The debates and discussions with experts around this work led to the refinement of theory and methodology and the end result is a comprehensive multi-level model examining reactions to collective protest. This approach entails the simultaneous consideration of individual, context, system and ideological aspects when examining advantaged group members reactions to protest. In the case of this project we examined ingroup identification, type and goal of protest, stability of the system and diversity ideologies, respectively. However, this framework can easily be adapted to other variables such as permeability of the intergroup context or meritocratic ideologies.
This approach started to be incorporated in Master level classes on advanced topics in intergroup relations as a tool for an evidence-based analysis of societal unrest. Importantly, this approach is easily generalizable to other audiences’ reactions to protest and to advantaged groups’ support for inequality in general (i.e. beyond the context of protest; for example, in predicting political behavior). Given the interest of experts and the level of impact of the journal to which some these papers were (re)submitted, it is expected that the impact of the project in the international research community will soon be very visible and will allow us to have a solid and reliable base to continue the dissemination of results.

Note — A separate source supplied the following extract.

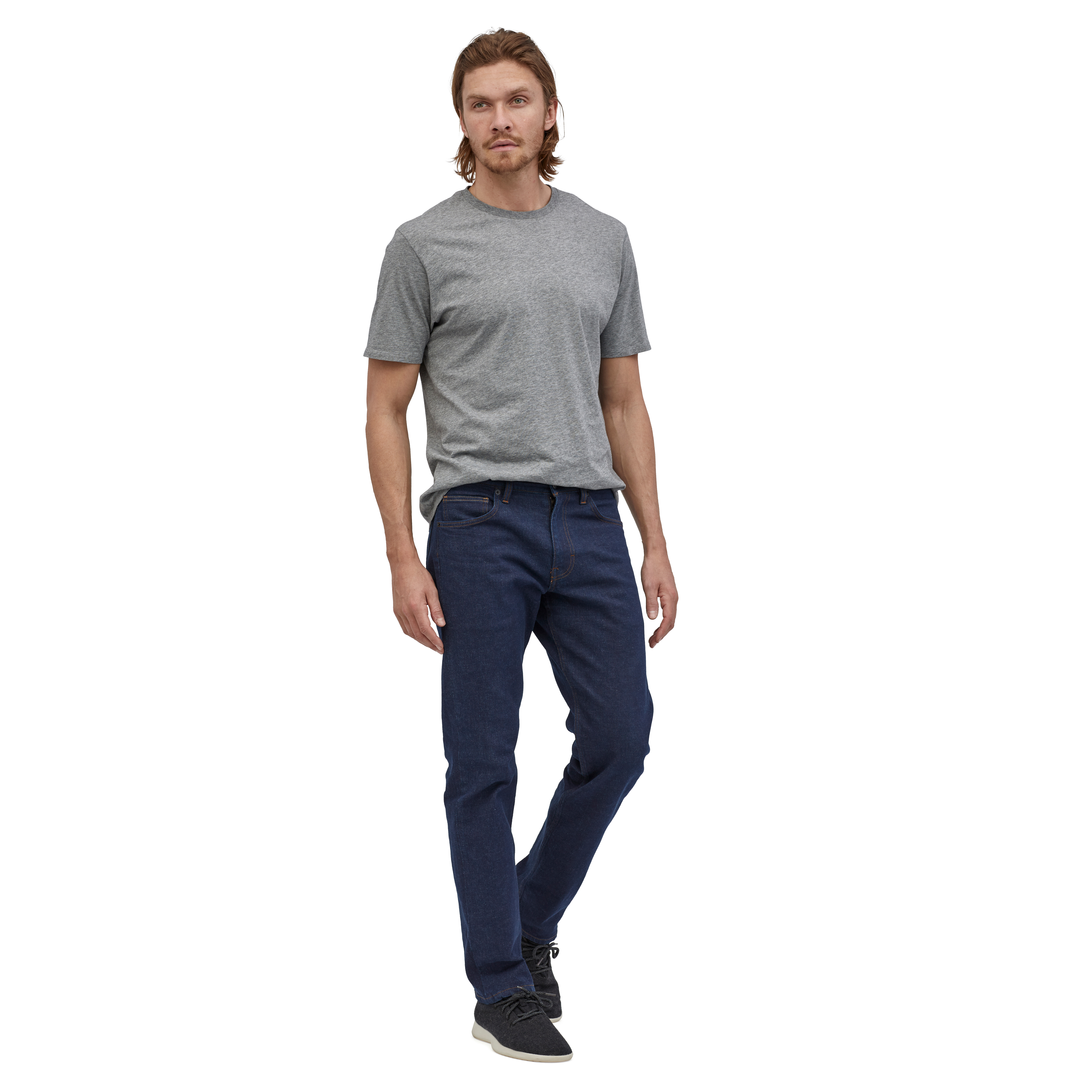 Дънки за ежедневно носене и изработени от Regenerative Organic Certified™ памук (рециклиран памук). Вътрешният шев е 81,28 см.

The important message from our results is that in order to understand the dynamics of societal change, and predict the development of social unrest, and to devise interventions for inequality reduction, it is crucial to consider how aspects linked to who perceives, what, in which larger (socio-economic and political) context. Failure to consider these aspects simultaneously can lead to misinterpretations and, consequently, to failures to develop effective interventions. A clear example of these phenomena is the opposite reactions to social unrest that we found among members who are highly vs. lowly committed to the identity of the advantaged group. Whereas threats to image and privilege strongly dictate support for inequality reduction among highly committed members, lowly committed members’ reactions are more strongly linked to empathy-based mechanisms implying taking the perspective of the disadvantaged. As a result, these two types of members react in opposite manners to the exact same situation.